What is perhaps the most robust finding here is the fact that even among the top performing clients, there seems to be a significantly wide distribution in in-group validator effectiveness — commensurate with the picture painted by the aggregate distribution of validators along their effectiveness score. This is a strong hint toward the fact that client choice has only so much to do with validator performance. The remainder likely leans on the strength of the operator’s design choices.
In this post, we developed a feature-complete validator-effectiveness methodology that is not only a strong predictor of ETH rewards, but also takes a relative approach to scoring by normalizing scores.
Given that the majority of the factors governing rewards in eth2 are relative to the state of the network, we believe that, while computationally more demanding, the approach we introduce here paints a more accurate picture compared to methodologies that take a nominal view.

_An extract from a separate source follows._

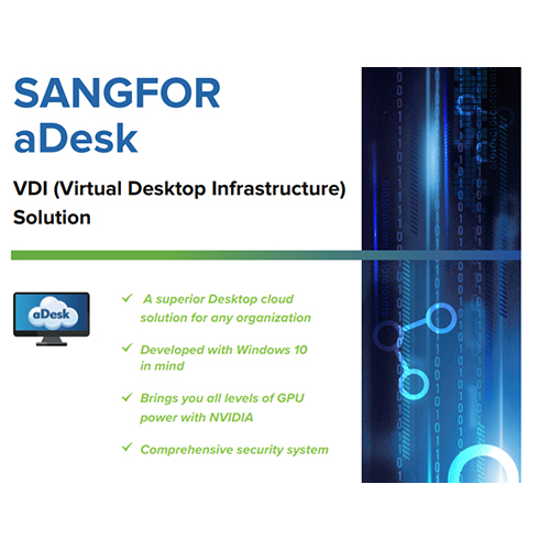 Sangfor aDesk is a one-stop Virtual Desktop Infrastructure (VDI) solution that helps your business evolve effortlessly to a digital workspace environment, suitable for secure office, work-from-anywhere scenarios, and more.

We also found that validators running the Prysm and Lighthouse clients recorded better performance in Medalla, on aggregate. However, given the ever-changing macro-level conditions in the testnet — as well as the fact that segmenting for client choice by graffiti is an imperfect way to do it — there are no strong conclusions with respect to the relationship between client choice and performance.
It’s worth underscoring, however, what is crystal clear: that a large chunk of the determinants of performance lie outside client choice, and more closely relate to the robustness of the operator’s set-up.